[YOUR TASK]:
Copy the data that follows exactly. Include no pictures.

=-=-=-=-=

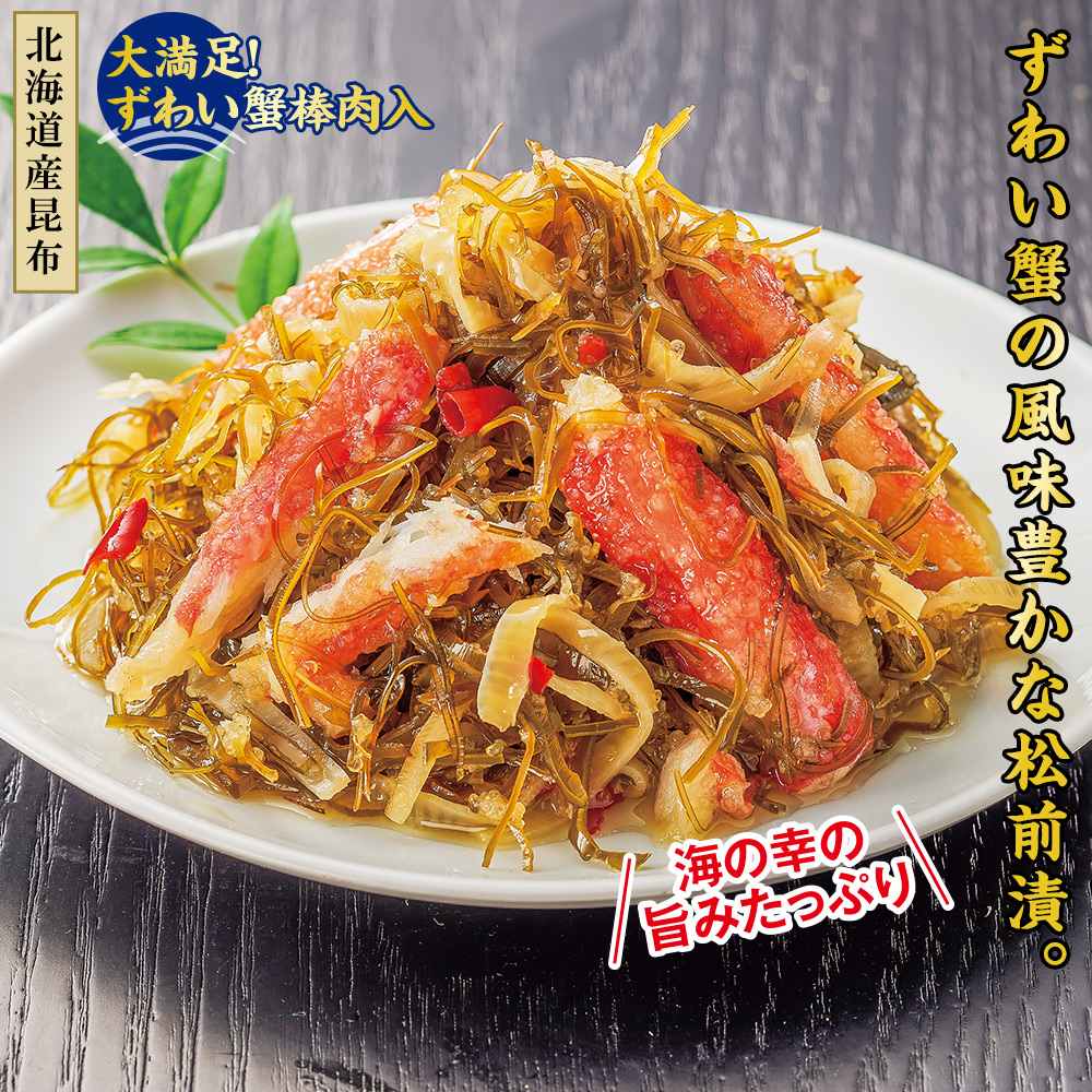 【北海道産昆布】 大満足!ずわい蟹棒肉入。 海の幸の旨みたっぷり。 昭和57年創業、北海道の老舗が作る味わい深い贅沢な松前漬です。 ずわい蟹をはじめ数の子や昆布の豊かな風味をお楽しみください。
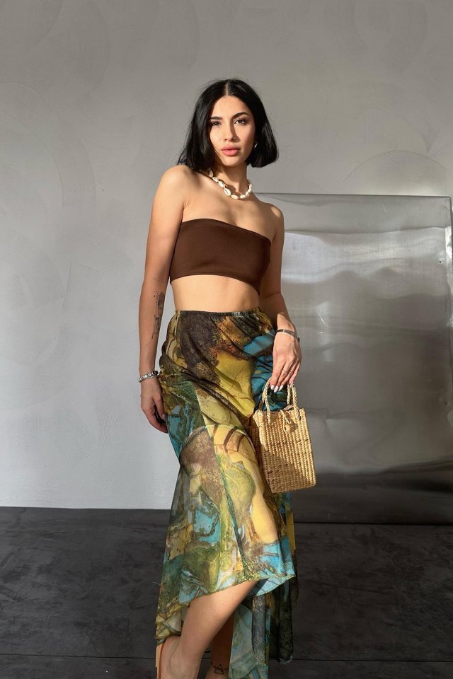 Desenli Baskılı Lastikli Etek Modelin Ölçüleri: Boy:165, Kg:55, Göğüs:90, Bel:72, Kalça: 100 Modelin üzerindeki ürün M/38 bedendir
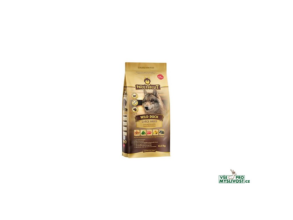 Vlci loví svou kořist od Skalistých hor Severní Ameriky, arktické tundry, hor a lesů Evropy až po pouště a stepi střední Asie. To jim dodává maso a vnitřnosti bohaté na živiny, ale také zeleninu, ovoce, bobule, kořeny a bylinky z obsahu žaludku kořisti. Obilí zde není zahrnuto. Vlk tak přijímá potřebné vitamíny, minerály, stopové prvky, enzymy a druhotné rostlinné látky. Vzhledem k tomu, že vlk je předkem všech psů, naše suché krmivo pro psy Wolfsblut je založeno na přirozených stravovacích návycích vlka. Obsahuje hodně masa nebo ryb v kombinaci se superpotravinami, které obsahují hodnotné ingredience – stejně jako v přírodě, bez obilovin. Náš výběr výjimečných druhů masa a superpotravin bohatých na živiny vychází z vlčích biotopů a jejich pestré stravy. Wolfsblut nabízí každému psovi druhově vhodnou a originální stravu a díky rozmanitosti odrůd si každý najde něco, co snese. Receptura suchého krmiva WILD DUCK LARGE BREED kombinuje výživu vlků s nejnovějšími vědeckými poznatky o správné výživě psů.
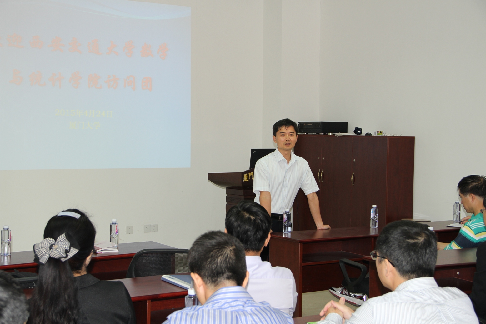 张明智书记致欢迎词,他对西安交通大学数学与统计学院一行的来访表示表欢迎。张书记说,西安交通大学是一所著名高校,数学学科实力雄厚,影响广泛,在多年的发展中形成了独具特色的专业和研究方向,非常值得我院的学习。厦门大学数学学科有过辉煌的历史,也经历过发展的低潮,感谢西安交通大学长期以来对我院发展的大力支持。他说,近几年,我院重视与兄弟院校加强交流学习,举办联合学术报告会,为年轻学者搭建交流平台,提供展头露面的机会,分享学术研究成果,营造浓厚学术氛围,通过相互学习,取长补短,互帮互助,达到共同进步的目的,有力的推动了数学学科的发展和提升。他预祝学术报告会取得圆满成功。
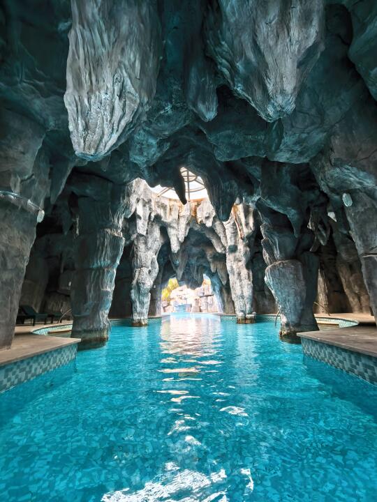 酒店在崖州湾,距离海边直线距离400米。公区还是可见当年希尔顿格芮独树一帜的设计,无论是大堂吧标志性的“CURIO”logo还是网红溶洞泳池都很出片,而且这家还单独在泳池区做了一个人工沙滩,很有泻湖的感觉
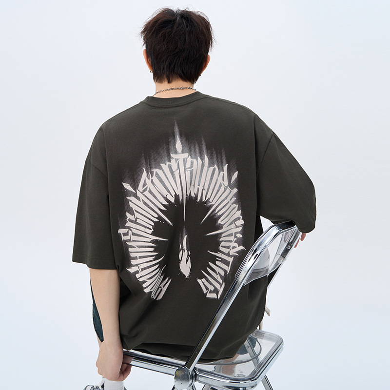 ハイストリートレトロ半袖Tシャツメンズ2025夏新作ヘビーコットンルーズ大きいサイズ半袖トップブラック
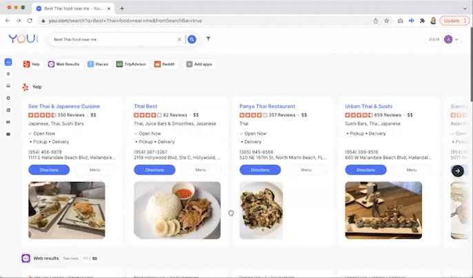 You probably want sth visual and not a large body of text. You'd want to see the restaurant name, rating, review, if they have delivery or pickup, photos of dishes, and the location and contact info. you.com/search?q=best+…
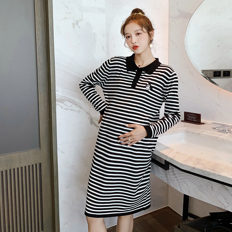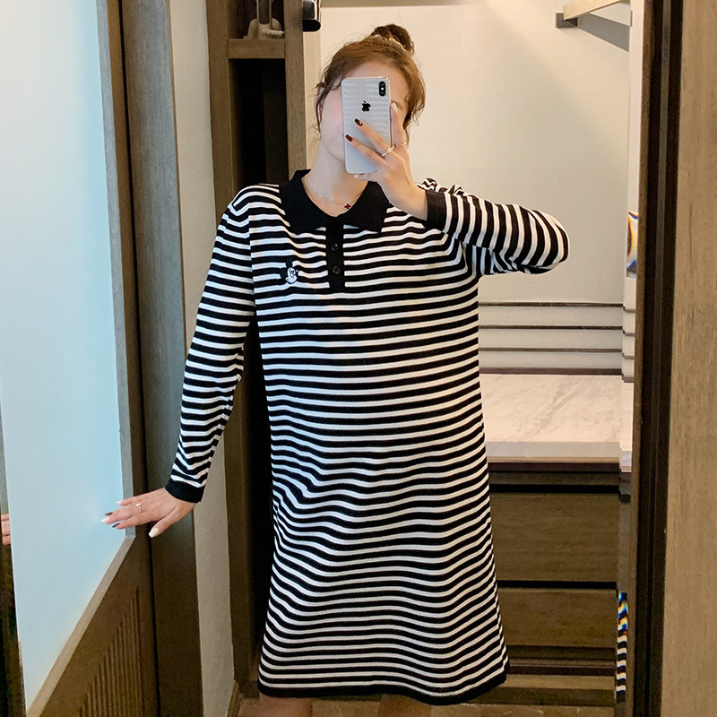 Plus size maternity dress 2022 spring dress loose slim striped sweater trendy mother western style top bottoming skirt
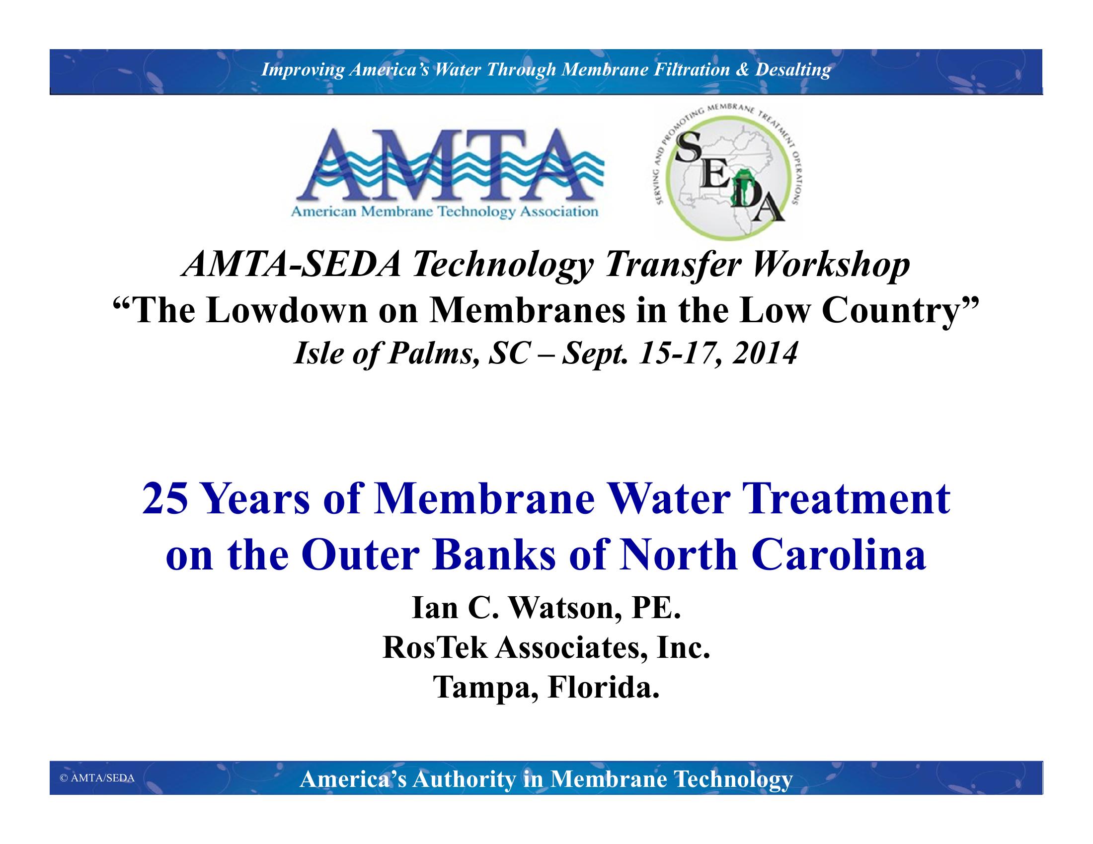 This presentation includes a case study of the Dare Regional Desalination Facility and Frisco RO Plant in North Carolina. Dare Regional Desalination Facility is a 2 mgd facility built in 2004. Frisco is a 2 mgd facility built in 2000, which includes energy recovery.

=-=-=-=-=

[OUTPUT OF THE TASK]:
 【北海道産昆布】 大満足!ずわい蟹棒肉入。 海の幸の旨みたっぷり。 昭和57年創業、北海道の老舗が作る味わい深い贅沢な松前漬です。 ずわい蟹をはじめ数の子や昆布の豊かな風味をお楽しみください。
 Desenli Baskılı Lastikli Etek Modelin Ölçüleri: Boy:165, Kg:55, Göğüs:90, Bel:72, Kalça: 100 Modelin üzerindeki ürün M/38 bedendir
 Vlci loví svou kořist od Skalistých hor Severní Ameriky, arktické tundry, hor a lesů Evropy až po pouště a stepi střední Asie. To jim dodává maso a vnitřnosti bohaté na živiny, ale také zeleninu, ovoce, bobule, kořeny a bylinky z obsahu žaludku kořisti. Obilí zde není zahrnuto. Vlk tak přijímá potřebné vitamíny, minerály, stopové prvky, enzymy a druhotné rostlinné látky. Vzhledem k tomu, že vlk je předkem všech psů, naše suché krmivo pro psy Wolfsblut je založeno na přirozených stravovacích návycích vlka. Obsahuje hodně masa nebo ryb v kombinaci se superpotravinami, které obsahují hodnotné ingredience – stejně jako v přírodě, bez obilovin. Náš výběr výjimečných druhů masa a superpotravin bohatých na živiny vychází z vlčích biotopů a jejich pestré stravy. Wolfsblut nabízí každému psovi druhově vhodnou a originální stravu a díky rozmanitosti odrůd si každý najde něco, co snese. Receptura suchého krmiva WILD DUCK LARGE BREED kombinuje výživu vlků s nejnovějšími vědeckými poznatky o správné výživě psů.
 张明智书记致欢迎词,他对西安交通大学数学与统计学院一行的来访表示表欢迎。张书记说,西安交通大学是一所著名高校,数学学科实力雄厚,影响广泛,在多年的发展中形成了独具特色的专业和研究方向,非常值得我院的学习。厦门大学数学学科有过辉煌的历史,也经历过发展的低潮,感谢西安交通大学长期以来对我院发展的大力支持。他说,近几年,我院重视与兄弟院校加强交流学习,举办联合学术报告会,为年轻学者搭建交流平台,提供展头露面的机会,分享学术研究成果,营造浓厚学术氛围,通过相互学习,取长补短,互帮互助,达到共同进步的目的,有力的推动了数学学科的发展和提升。他预祝学术报告会取得圆满成功。
 酒店在崖州湾,距离海边直线距离400米。公区还是可见当年希尔顿格芮独树一帜的设计,无论是大堂吧标志性的“CURIO”logo还是网红溶洞泳池都很出片,而且这家还单独在泳池区做了一个人工沙滩,很有泻湖的感觉
 ハイストリートレトロ半袖Tシャツメンズ2025夏新作ヘビーコットンルーズ大きいサイズ半袖トップブラック
 You probably want sth visual and not a large body of text. You'd want to see the restaurant name, rating, review, if they have delivery or pickup, photos of dishes, and the location and contact info. you.com/search?q=best+…
 Plus size maternity dress 2022 spring dress loose slim striped sweater trendy mother western style top bottoming skirt
 This presentation includes a case study of the Dare Regional Desalination Facility and Frisco RO Plant in North Carolina. Dare Regional Desalination Facility is a 2 mgd facility built in 2004. Frisco is a 2 mgd facility built in 2000, which includes energy recovery.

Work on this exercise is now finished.